ENTRIES SHOWN:
================
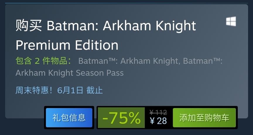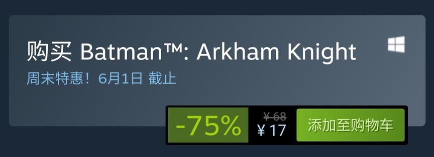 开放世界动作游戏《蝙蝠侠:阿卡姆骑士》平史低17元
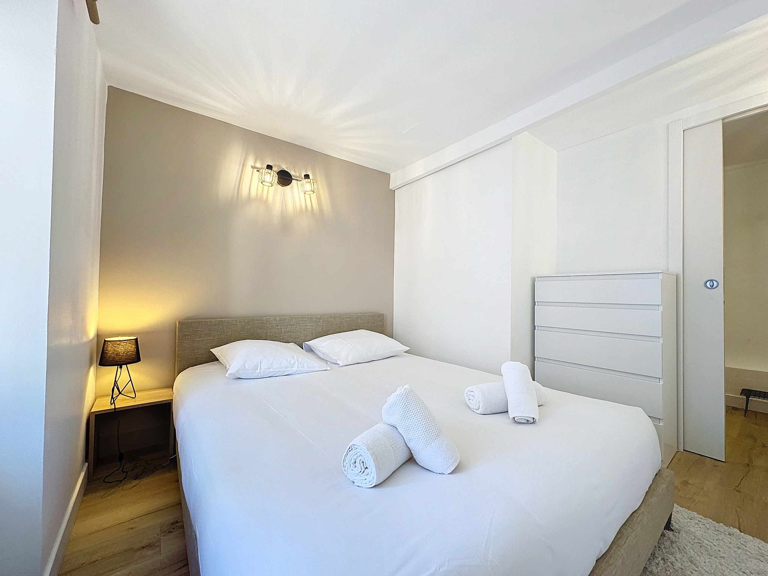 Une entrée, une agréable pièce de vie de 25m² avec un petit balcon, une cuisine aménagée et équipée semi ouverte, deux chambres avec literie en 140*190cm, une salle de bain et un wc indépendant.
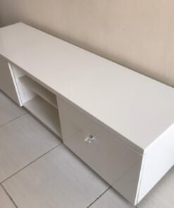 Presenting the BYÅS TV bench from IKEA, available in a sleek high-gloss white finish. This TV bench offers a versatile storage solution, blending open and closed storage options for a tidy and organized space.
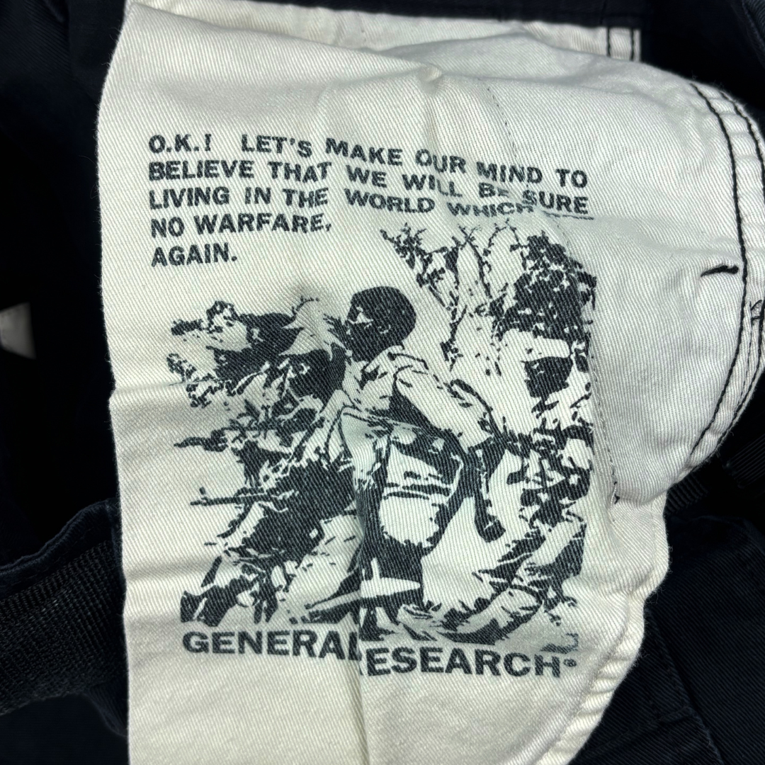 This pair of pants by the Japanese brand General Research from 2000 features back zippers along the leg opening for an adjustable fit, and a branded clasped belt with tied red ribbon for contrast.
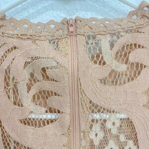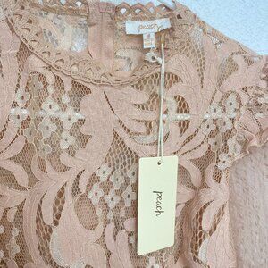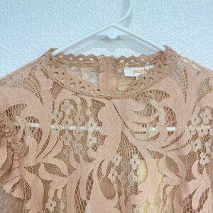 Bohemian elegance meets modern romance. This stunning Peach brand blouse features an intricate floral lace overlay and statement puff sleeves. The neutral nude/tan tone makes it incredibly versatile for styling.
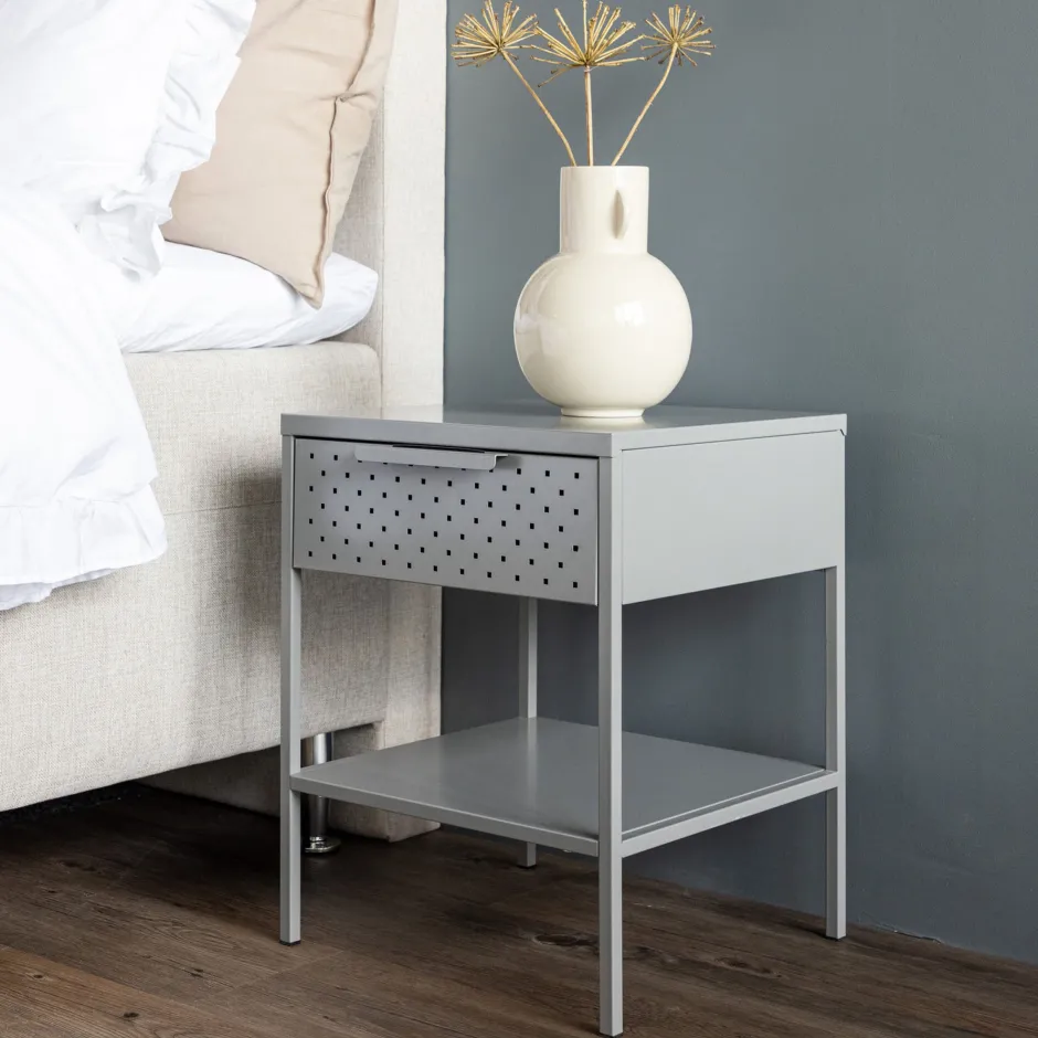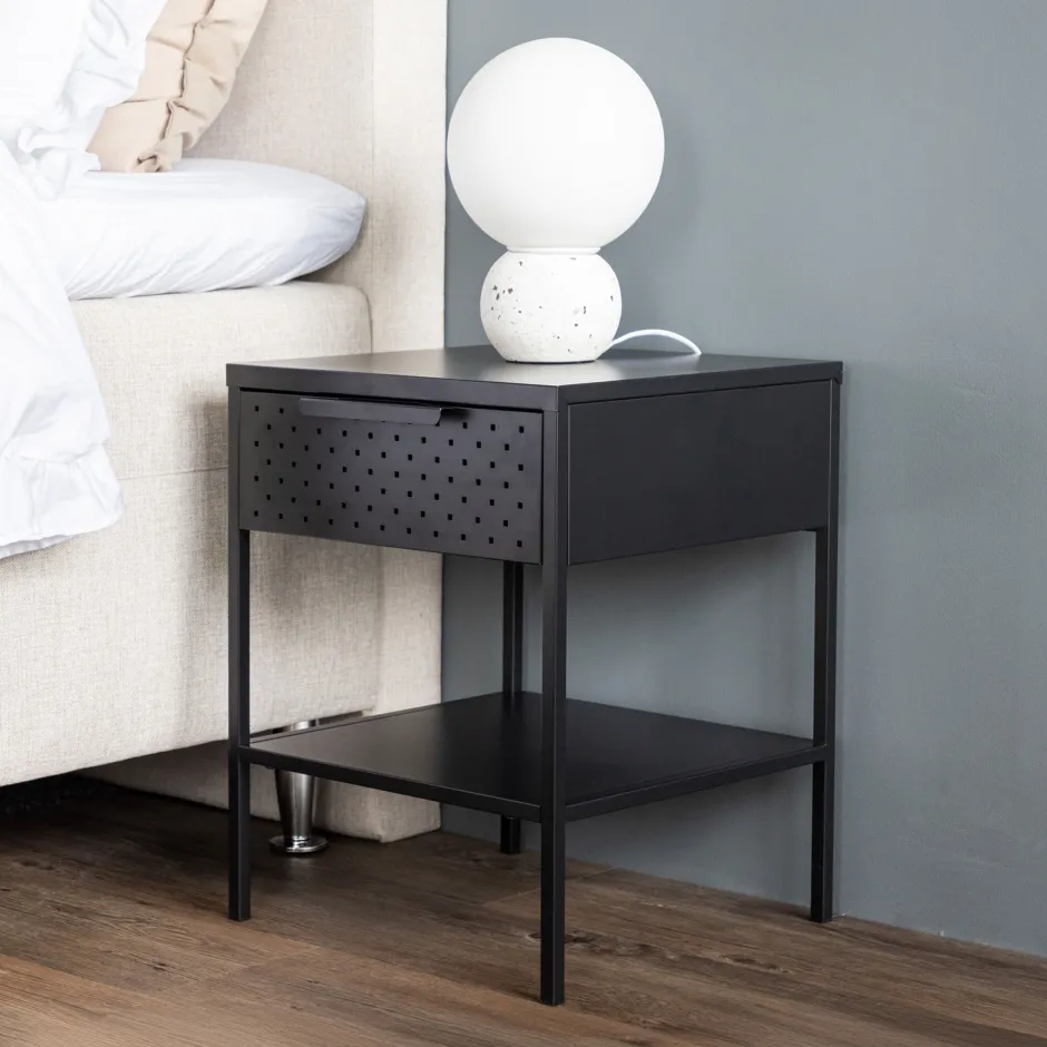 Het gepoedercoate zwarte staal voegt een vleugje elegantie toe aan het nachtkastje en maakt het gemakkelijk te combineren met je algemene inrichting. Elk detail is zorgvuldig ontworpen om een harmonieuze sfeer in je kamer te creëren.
================
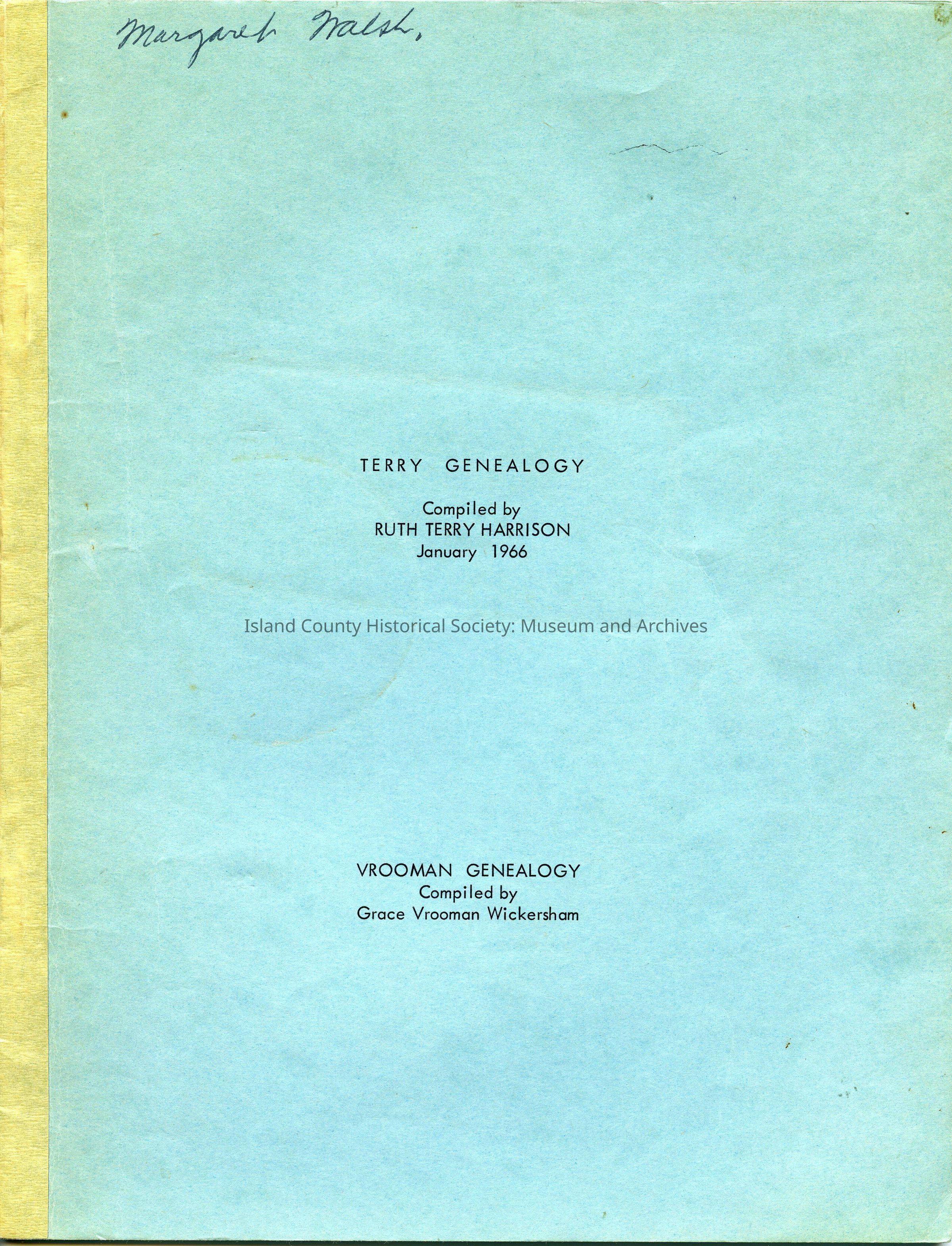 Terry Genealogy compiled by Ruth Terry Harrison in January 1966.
================
WHAT IS BEING ASKED:
Whatever pictures the records hold, omit them; give again exactly the lines from the one containing "开放世界动作游戏《蝙蝠侠:阿卡姆骑士》平史低17元" through the one containing "Une entrée, une".

ANSWER SPACE:
 开放世界动作游戏《蝙蝠侠:阿卡姆骑士》平史低17元
 Une entrée, une agréable pièce de vie de 25m² avec un petit balcon, une cuisine aménagée et équipée semi ouverte, deux chambres avec literie en 140*190cm, une salle de bain et un wc indépendant.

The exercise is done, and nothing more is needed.